** PROMPT **
Could you set down the listing below exactly and omit its images?

-- STORED DATA follows --

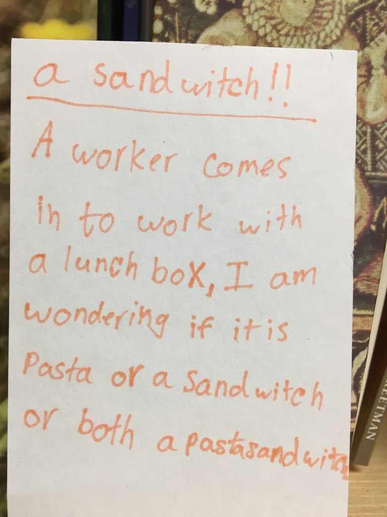Episode 6: Pasta Sandwitch explores this pondering from a museum visitor, which creates a wealth of other ponderings about sandwiches, exclamation points and lunch boxes.
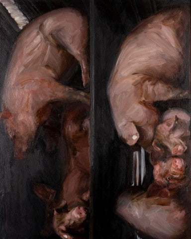 The Cart of Pigs by Shaozhi Bian is an evocative oil painting measuring 95 × 110 cm. The composition portrays pigs confined within a narrow, dimly lit enclosure, visually segmented by a strong horizontal division that bisects the canvas into two distinct planes. This structured division intensifies the sense of confinement, creating a dramatic interplay between form, space, and shadow.
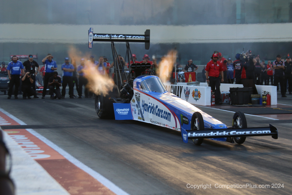 Points leader Austin Prock finished second in Funny Car with a run of 3.833 seconds. His teammate, Jack Beckman, is third at 3.850 seconds.
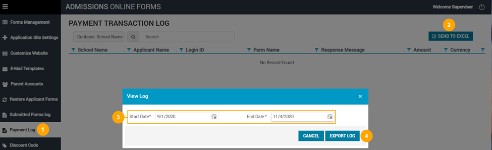 to select a Start Date and End Date for the range of dates for which you want to export payments. - Click Export Log.

-- STORED DATA concluded --

** SOLVED EXERCISE **
Episode 6: Pasta Sandwitch explores this pondering from a museum visitor, which creates a wealth of other ponderings about sandwiches, exclamation points and lunch boxes.
 The Cart of Pigs by Shaozhi Bian is an evocative oil painting measuring 95 × 110 cm. The composition portrays pigs confined within a narrow, dimly lit enclosure, visually segmented by a strong horizontal division that bisects the canvas into two distinct planes. This structured division intensifies the sense of confinement, creating a dramatic interplay between form, space, and shadow.
 Points leader Austin Prock finished second in Funny Car with a run of 3.833 seconds. His teammate, Jack Beckman, is third at 3.850 seconds.
 to select a Start Date and End Date for the range of dates for which you want to export payments. - Click Export Log.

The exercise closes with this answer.